Excerpted records |
********************
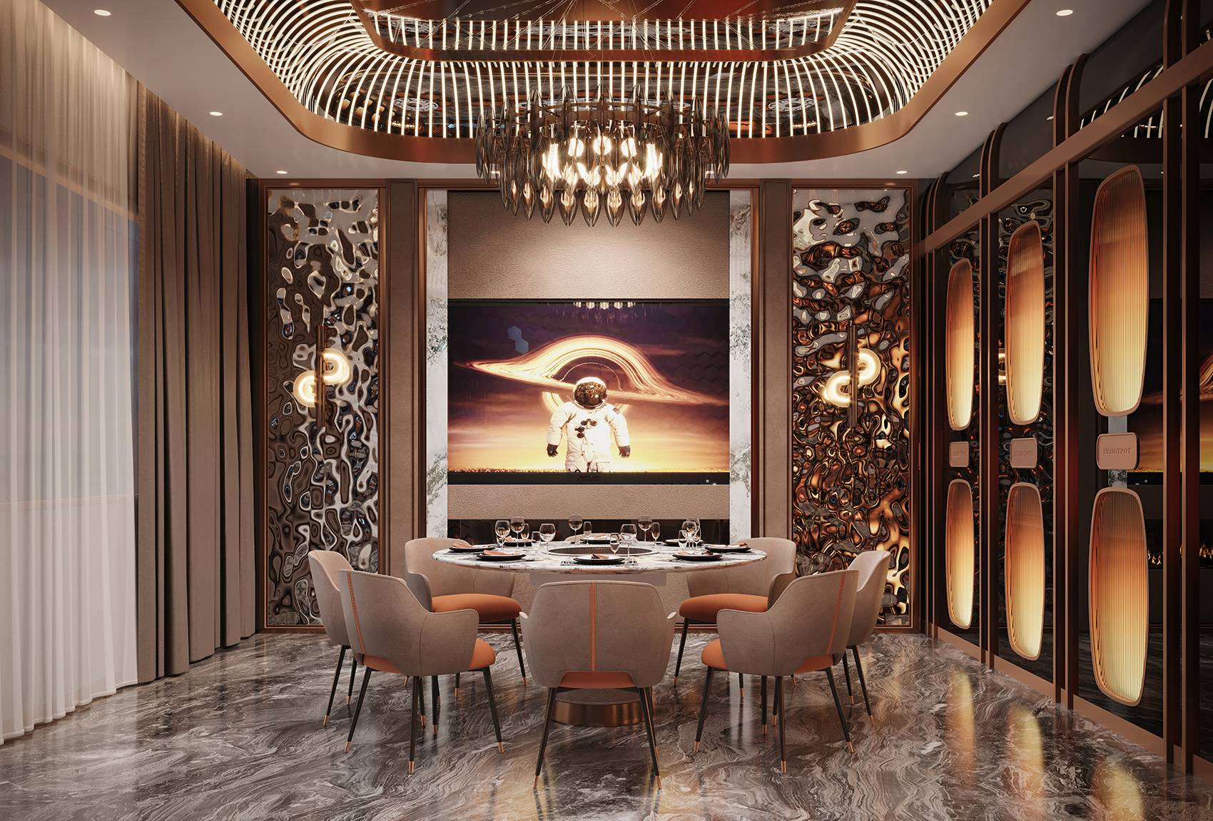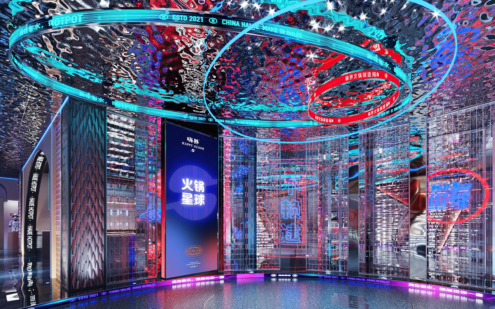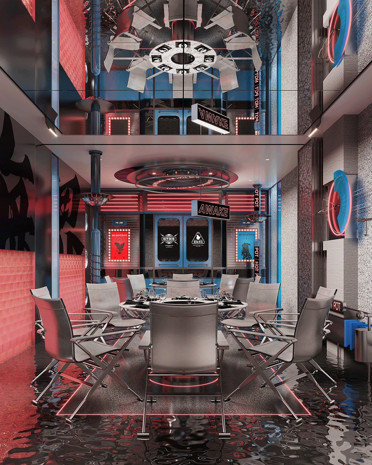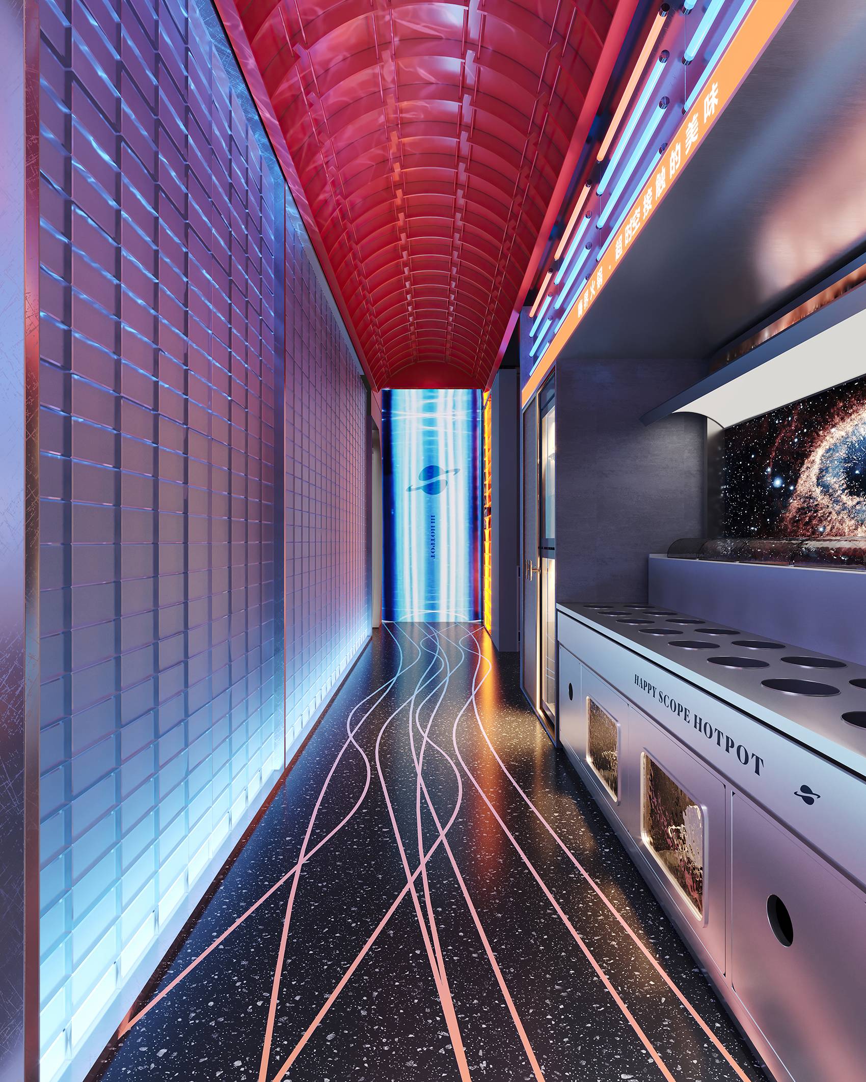 在这里我们仿佛来到了大海深处,又仿佛来到了太空外部,这是一个异度的空间,一个介于大海深处与太空外部的潮流之界。同时,开放式的用餐设计,让用餐者能更大程度地感受空间内奇幻的氛围。
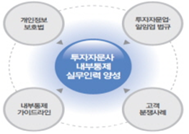 「투자자문사 내부통제」과정은 투자자문사의 감사, 준법감시 등 내부통제 관련업무 종사자 등을 대상으로 내부통제 가이드라인 및 투자자문사 검사사례 등 실무 중심 강의가 특징이며, 투자자문사에 맞는 최적의 내부통제 업무를 습득할 수 있는 단기교육이다.
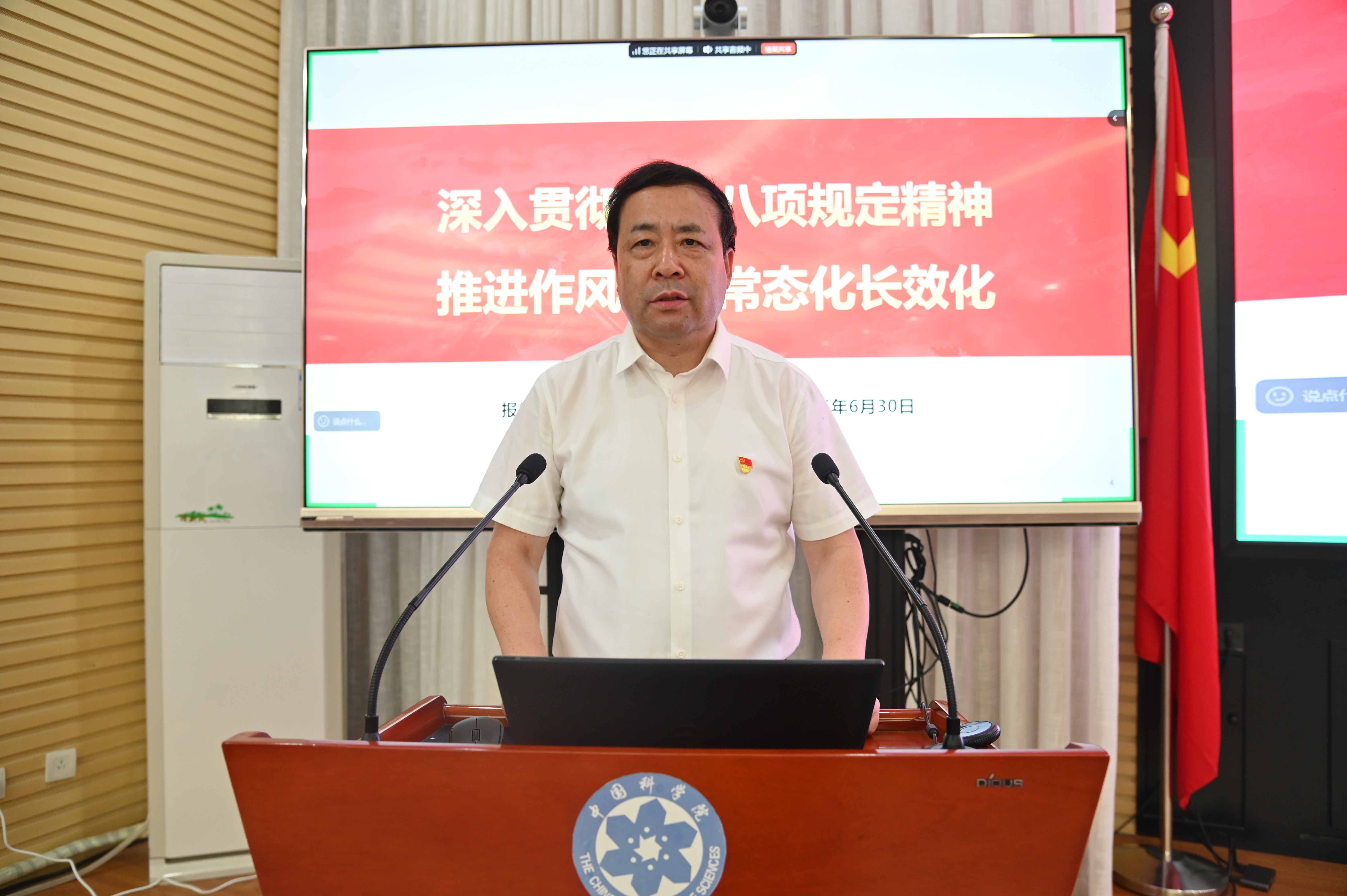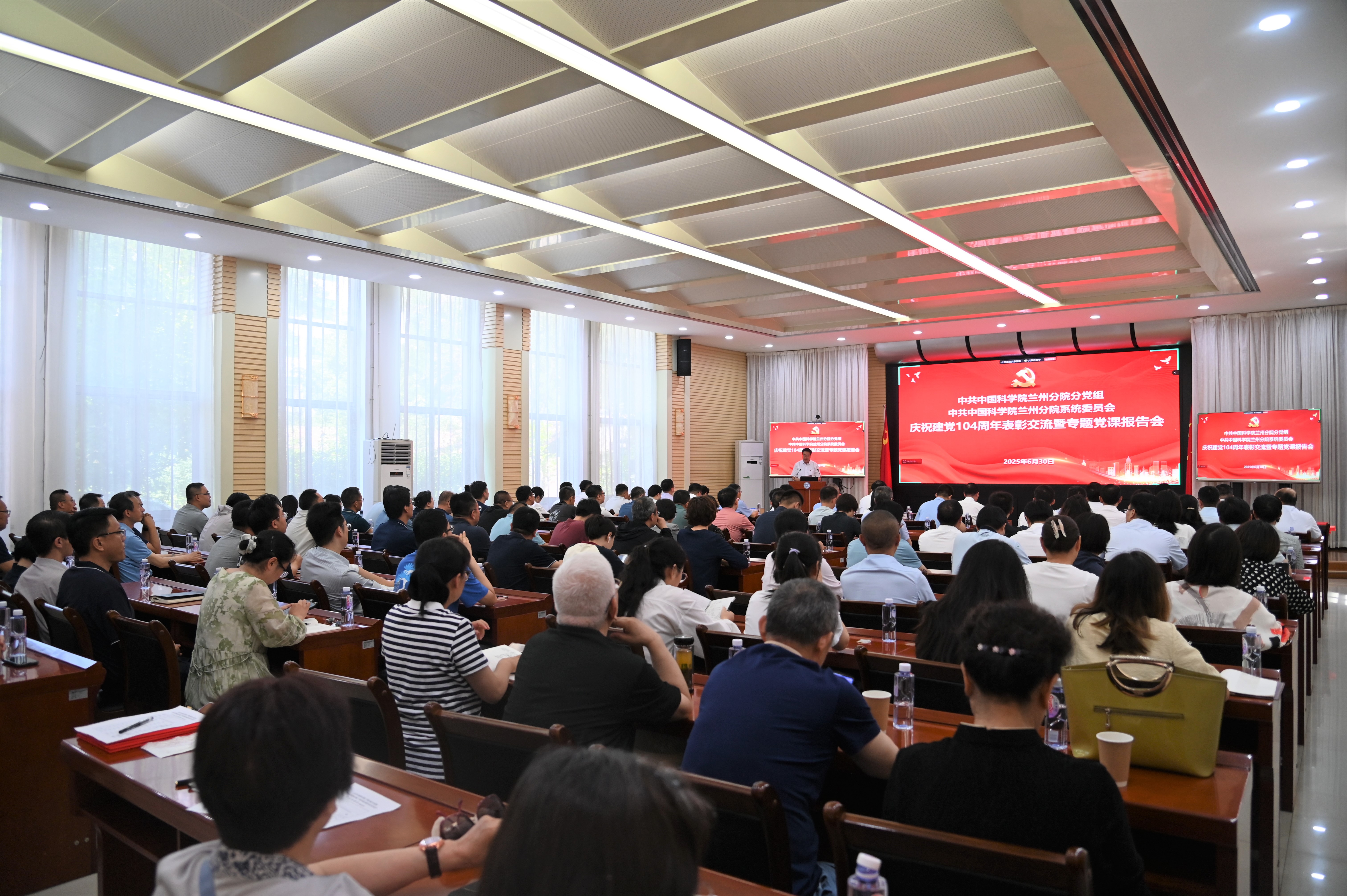 為慶祝中國共產(chǎn)黨成立104周年,推動深入貫徹中央八項規(guī)定精神學(xué)習(xí)教育走深走實,6月30日,中共中國科學(xué)院蘭州分院分黨組舉辦慶祝建黨104周年表彰交流暨專題黨課報告會。會議由蘭州分院分黨組成員、紀(jì)檢組組長吳建剛主持。
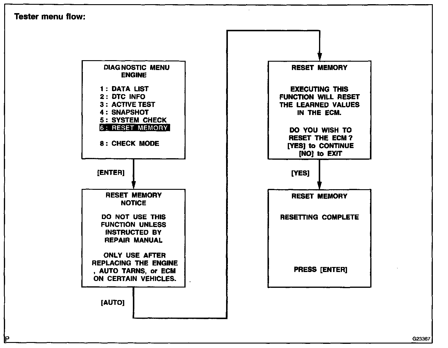 CAUTION: After performing the RESET MEMORY, be sure to perform the ROAD TEST described earlier.
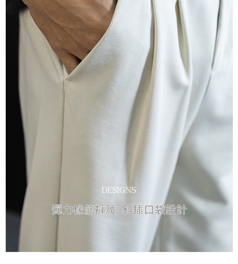 豎紋肌理感褶位男士休閒褲高彈針織直筒褲抗皺通勤西褲舒適零束縛
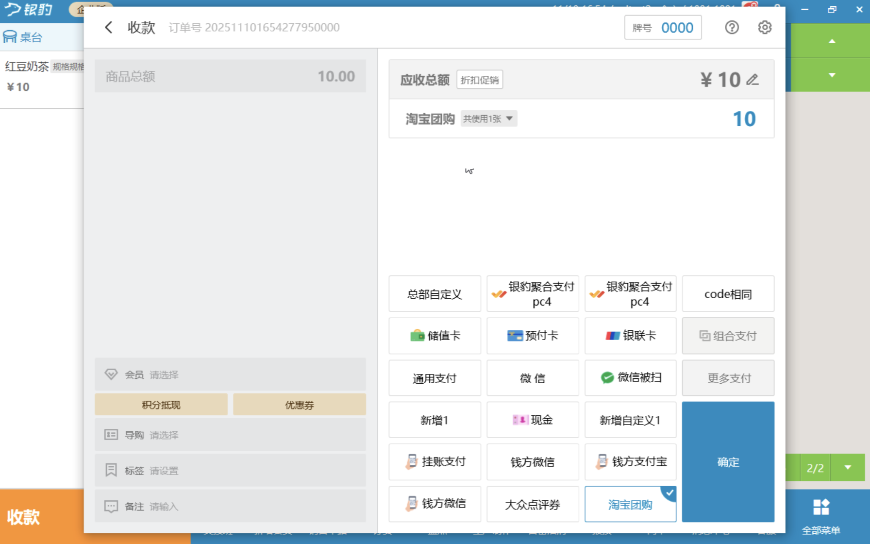 对于代金券或者套餐券,可以先点商品到购物车后点击收款,支付方式选择【淘宝团购】,扫码顾客的团购券码后,系统将自动进行订单金额的计算抵扣,订单收银完成时,顾客的团购券将被核销。
********************
Task to carry out | Within the entries above, the lines from the one containing "수 있는 단기교육이다." through the one containing "CAUTION: After performing" are to be transcribed exactly, ends included, pictures excluded.

The answer |
 「투자자문사 내부통제」과정은 투자자문사의 감사, 준법감시 등 내부통제 관련업무 종사자 등을 대상으로 내부통제 가이드라인 및 투자자문사 검사사례 등 실무 중심 강의가 특징이며, 투자자문사에 맞는 최적의 내부통제 업무를 습득할 수 있는 단기교육이다.
 為慶祝中國共產(chǎn)黨成立104周年,推動深入貫徹中央八項規(guī)定精神學(xué)習(xí)教育走深走實,6月30日,中共中國科學(xué)院蘭州分院分黨組舉辦慶祝建黨104周年表彰交流暨專題黨課報告會。會議由蘭州分院分黨組成員、紀(jì)檢組組長吳建剛主持。
 CAUTION: After performing the RESET MEMORY, be sure to perform the ROAD TEST described earlier.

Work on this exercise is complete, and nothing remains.